China suspendió las exportaciones de carne vacuna provenientes del frigorífico ArreBeef SA, con planta en Pérez Millán, tras detectar residuos de cloranfenicol en uno de sus envíos.
La decisión fue incorporada en los registros oficiales del sistema sanitario chino, donde el establecimiento figura con estatus de “importación suspendida”.
La medida fue confirmada por fuentes oficiales argentinas y generó preocupación en el sector exportador, dado que el mercado chino es el principal destino de la carne nacional.
La detección del antibiótico —de amplio espectro y también utilizado en medicina humana— motivó la intervención de la Administración General de Aduanas de China (GACC), que endureció los controles ante incumplimientos sanitarios.
En este contexto, el freno a ArreBeef se inscribe en una política más estricta del gigante asiático sobre los productos importados, en un escenario de creciente exigencia en materia de seguridad alimentaria. En el sector advierten que China busca reforzar sus controles internos y responder a la presión de sus propios productores.

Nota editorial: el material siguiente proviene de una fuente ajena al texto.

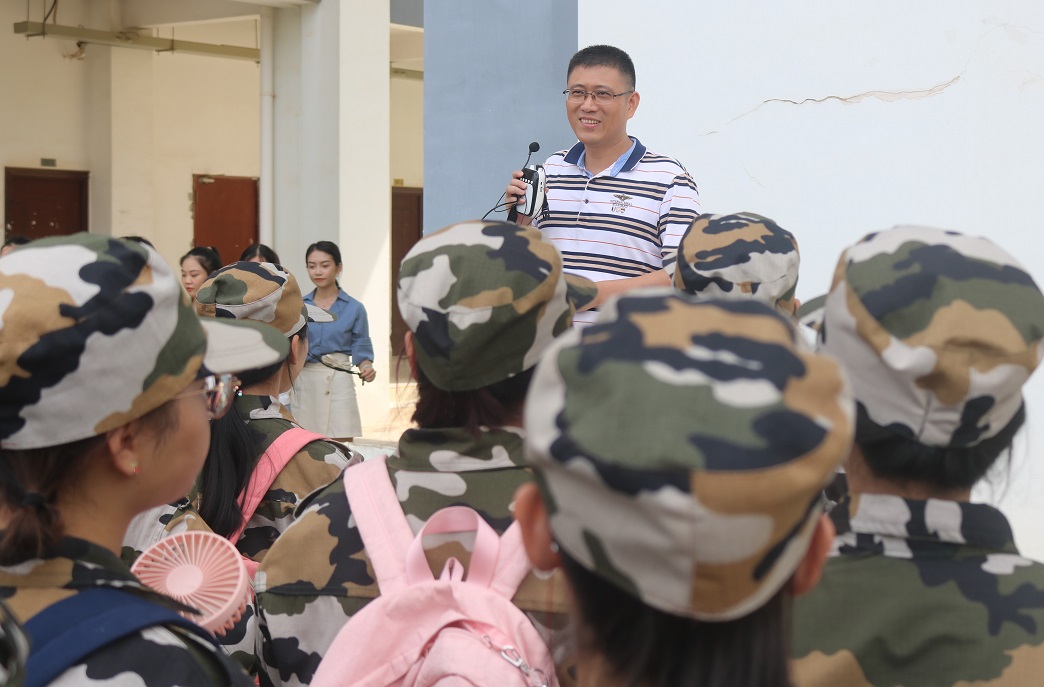 (石勇老师向学生分享军训心得)

A nivel operativo, la compañía informó que la operatoria comercial continúa sin interrupciones en los embarques ya realizados. Según explicaron, los contenedores que se encuentran en tránsito no serán rechazados y los compromisos comerciales se mantendrán. “En ningún caso se rechaza lo que está en altamar”, indicaron.
Además, desde la empresa relativizaron el impacto económico inmediato y consideraron que la suspensión tendrá carácter transitorio.
La situación se produce en un contexto complejo para la empresa, que días atrás había quedado en el centro de la escena por la suspensión de alrededor de 400 trabajadores vinculados a su planta en Pérez Millán.